The Democratic National Committee proudly documented the diversity of the spectacle. Their figures showed that 15% of the 3,381 delegates were black, 49% were women and 11% were under 30. That was probably as finely polished a reflection of this shifting country as any political institution could rally.

Yet something was wrong. It was not in the statistics or the cosmetics. Reporters ran into it almost immediately whenever they began talking to delegates.

Betty J. DeVito, a mother of seven from Mercer, Pa., was an ebullient woman who explained she was drawn to politics the day she heard Harry Truman speak from the caboose of a campaign train when she was 13. In New York, she got up every morning at 6:30 and was busy being a Carter delegate far into the night, even though her feet were swollen, and she figured it would cost her $700 to attend the convention, and she had to take a week off from her job without pay.

DeVito is an accountant for the state of Pennsylvania, a government employee. All over the convention floor, the situation was the same: an inordinate number of the delegates seemed to be a part of, or somehow plugged into, the government at some level. The most dramatic evidence of this imbalance was the fact that the National Education Association and the American Federation of Teachers claimed 372 convention delegates between them (virtually all were from public schools). They made up over 10% of the total, though public schoolteachers constitute less than 2% of the population of the U.S.

Not until last week was much thought given to the implications of this kind of imbalance. The Democratic National Committee said it did not keep information on delegate employment or source of income. The best data it turned out were compiled by CBS. They unlimbered their computer for TIME and went at the figures again. The earlier suspicions were confirmed--40.3% of the delegates to the Democratic National

Convention were public officeholders or government employees in some capacity. (Only 7% of the general population is employed by government at all levels.) And the figure, some experts point out, does not reflect the number of other delegates who are dependent on Big Government spending, though they may work in the private sector.

Austin Ranney, senior political scholar at the American Enterprise Institute, finds immense irony in this development. "One of the great reasons for reform from the very beginning was to get away from patronage, so delegates would not be beholden to the old bosses," he says.
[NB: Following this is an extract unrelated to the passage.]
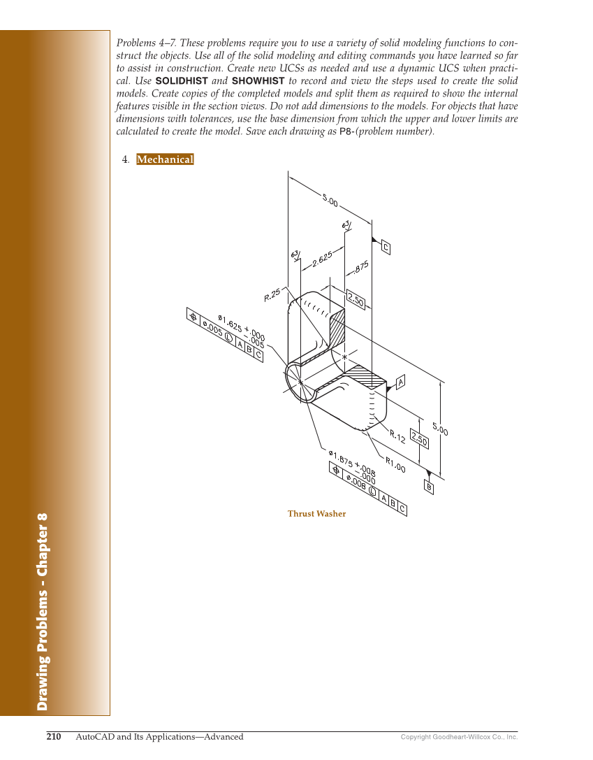 Drawing Problems - Chapter 8 Copyright Goodheart-Willcox Co., Inc. 210 AutoCAD and Its Applications—Advanced Problems 4–7. These problems require you to use a variety of solid modeling functions to con- struct the objects. Use all of the solid modeling and editing commands you have learned so far to assist in construction. Create new UCSs as needed and use a dynamic UCS when practi- cal. Use SOLIDHIST and SHOWHIST to record and view the steps used to create the solid models. Create copies of the completed models and split them as required to show the internal features visible in the section views. Do not add dimensions to the models. For objects that have dimensions with tolerances, use the base dimension from which the upper and lower limits are calculated to create the model. Save each drawing as P8-(problem number). 4. Mechanical Thrust Washer

Ranney now fears that all of the electoral reforms have not prevented the beholden of a different kind from entering through a "back door" of the convention. Since there are no longer power centers like Chicago's late Mayor Richard Daley, and only 69 Senators, Governors and members of the House were delegates this year, the new "boss" is Big Government, and in most instances the trail leads back to Washington and the Administration.

The Democratic Party seems to be forming itself like another part of the federal bureaucracy. In Ranney's view, a Kennedy revolt of 400 or 500 delegates never materialized in part because too many of the people on the floor had a personal stake in spending programs Jimmy Carter had fostered for states and localities.

That network of elected officials, civil servants, their consultants and contractors looks alarmingly like a talent bank for preserving the political power of the incumbent President.